_Exercise inputs_.
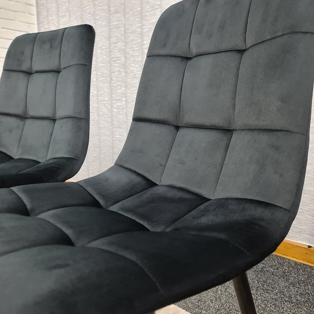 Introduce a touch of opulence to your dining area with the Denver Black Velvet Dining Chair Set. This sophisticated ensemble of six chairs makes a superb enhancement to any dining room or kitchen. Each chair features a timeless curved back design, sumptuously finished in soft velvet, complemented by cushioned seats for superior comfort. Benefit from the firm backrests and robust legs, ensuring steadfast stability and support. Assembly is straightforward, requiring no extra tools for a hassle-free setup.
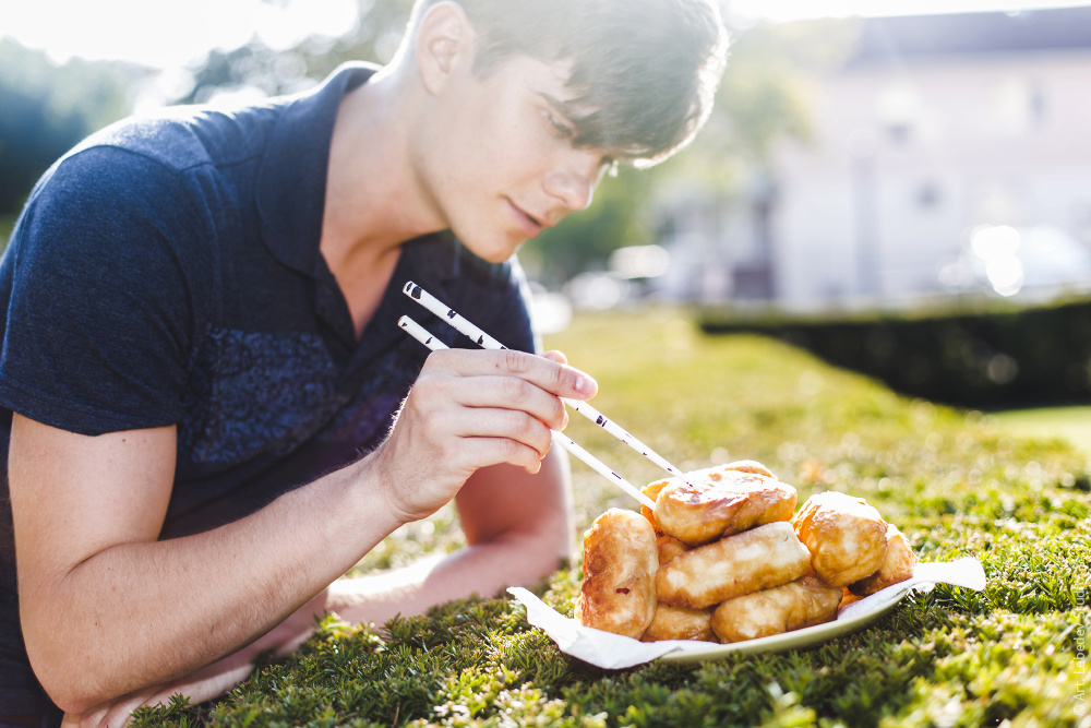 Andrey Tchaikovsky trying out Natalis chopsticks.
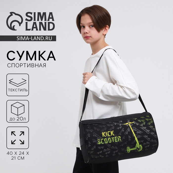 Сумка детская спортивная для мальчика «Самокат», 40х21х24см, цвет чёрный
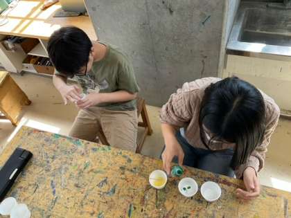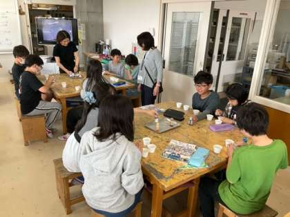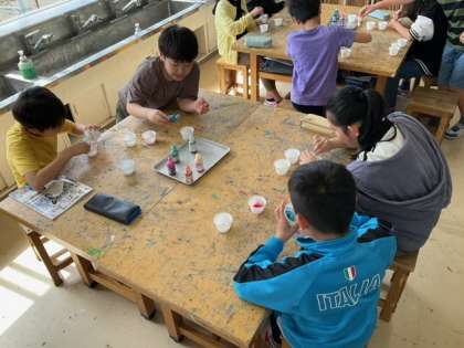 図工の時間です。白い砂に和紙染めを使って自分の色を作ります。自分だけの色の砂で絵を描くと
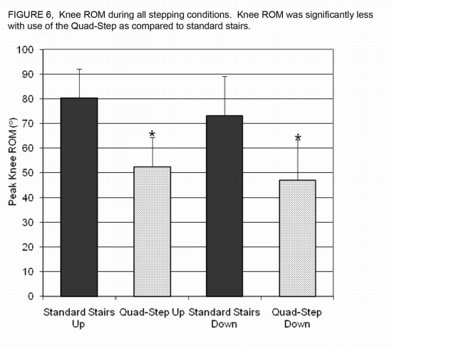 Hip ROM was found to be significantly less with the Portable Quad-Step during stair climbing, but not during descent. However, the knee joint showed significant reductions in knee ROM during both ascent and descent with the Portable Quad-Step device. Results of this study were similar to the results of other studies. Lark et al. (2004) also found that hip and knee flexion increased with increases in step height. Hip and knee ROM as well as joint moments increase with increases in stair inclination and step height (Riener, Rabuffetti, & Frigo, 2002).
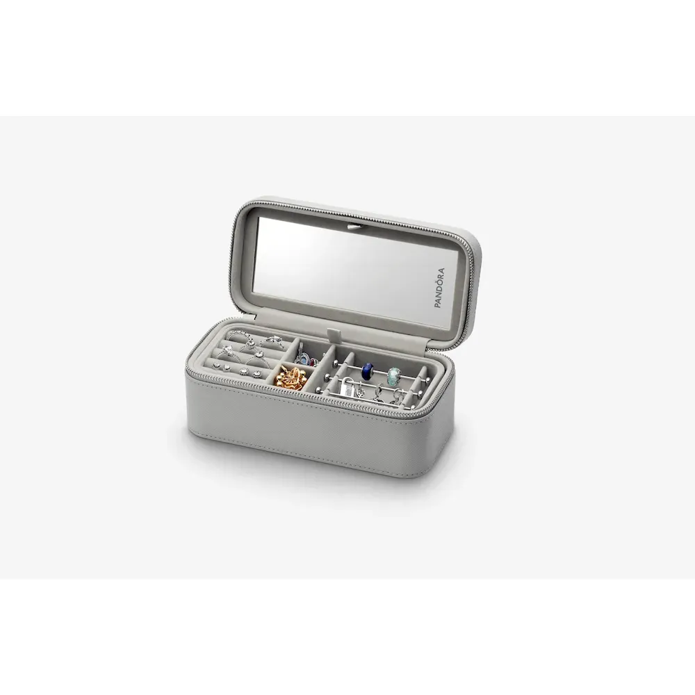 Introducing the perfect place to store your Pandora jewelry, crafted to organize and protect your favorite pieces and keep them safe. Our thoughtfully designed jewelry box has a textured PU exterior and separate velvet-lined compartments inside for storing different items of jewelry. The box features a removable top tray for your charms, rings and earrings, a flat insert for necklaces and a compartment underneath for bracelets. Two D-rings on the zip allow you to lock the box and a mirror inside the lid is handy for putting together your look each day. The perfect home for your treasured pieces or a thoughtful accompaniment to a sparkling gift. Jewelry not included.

_Your goal_.
All records, pictures excluded: copy them exactly.

_Answer to this problem_.
 Introduce a touch of opulence to your dining area with the Denver Black Velvet Dining Chair Set. This sophisticated ensemble of six chairs makes a superb enhancement to any dining room or kitchen. Each chair features a timeless curved back design, sumptuously finished in soft velvet, complemented by cushioned seats for superior comfort. Benefit from the firm backrests and robust legs, ensuring steadfast stability and support. Assembly is straightforward, requiring no extra tools for a hassle-free setup.
 Andrey Tchaikovsky trying out Natalis chopsticks.
 Сумка детская спортивная для мальчика «Самокат», 40х21х24см, цвет чёрный
 図工の時間です。白い砂に和紙染めを使って自分の色を作ります。自分だけの色の砂で絵を描くと
 Hip ROM was found to be significantly less with the Portable Quad-Step during stair climbing, but not during descent. However, the knee joint showed significant reductions in knee ROM during both ascent and descent with the Portable Quad-Step device. Results of this study were similar to the results of other studies. Lark et al. (2004) also found that hip and knee flexion increased with increases in step height. Hip and knee ROM as well as joint moments increase with increases in stair inclination and step height (Riener, Rabuffetti, & Frigo, 2002).
 Introducing the perfect place to store your Pandora jewelry, crafted to organize and protect your favorite pieces and keep them safe. Our thoughtfully designed jewelry box has a textured PU exterior and separate velvet-lined compartments inside for storing different items of jewelry. The box features a removable top tray for your charms, rings and earrings, a flat insert for necklaces and a compartment underneath for bracelets. Two D-rings on the zip allow you to lock the box and a mirror inside the lid is handy for putting together your look each day. The perfect home for your treasured pieces or a thoughtful accompaniment to a sparkling gift. Jewelry not included.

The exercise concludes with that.